We separated 15 months ago. A year ago he filed for divorce but we are still married. He never gave me a true reason why he left. Two months ago, I found out he proposed to someone early last year. The girl is much younger than he is.
He denies it all. However, there's photographic evidence of the proposal and ring on their wedding website. I don't know what to believe.
I want our family and I want us. I never wanted separation or divorce, and I have been fighting to get him back. Since I found out about the affair and engagement, we have been talking through texts and trying to figure out what happened to us.
Am I doing the right thing in fighting for him, or should I let go? Do cheaters always cheat?
Regina, what he is doing is a cliché: trading in the wife for a younger model.
Let's look at your last question first. Do cheaters always cheat?
The problem with staying with a cheater is that cheating destroys trust. We have a built-in cheater alarm which goes off whenever we are with someone who has broken faith with us. This sense has developed over the long course of human history on the planet. Why? Because dealing with cheaters is a high risk activity.
Even if you stayed with your husband, you would have a hard time being around him.
He says he resents you for the long hours of work he has put in. The reality is in his profession he would have put in nearly the same amount of work with or without you. The amount of work strikes us as a justification not a reason. He thinks he is entitled to a younger woman. He's "earned" it.
You wrote that you've been "trying to figure out what happened to us," but you are talking with a man who is engaged to another woman. Most likely he wants to calm you to ease his escape.

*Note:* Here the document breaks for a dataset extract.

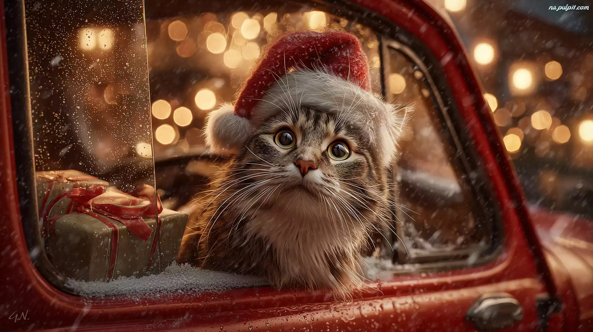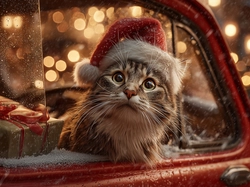 Grafika AI, Okno, Samochód, Kot, Czapla, Mikołaja, Prezent Na Pulpit

Should you fight for your marriage? That looks like a lost cause. But you do need to fight for your children and for yourself. What do we suggest? Privately and without warning your husband consult with a very good, very experienced divorce attorney.
This is our suggestion of what you will want after a divorce.
1. A home for you and your children.
2. Support sufficient to get your children up to and through college.
3. Education or retraining for yourself so that when you reenter the job market, you will be in a promising, relatively lucrative field.
Our feeling is he is getting ready to lower the boom on you, and he is hoping to do it on terms which are favorable to him and his new bride, regardless of your needs.
A good divorce lawyer can give you guidance and do the heavy lifting you may be unwilling to do.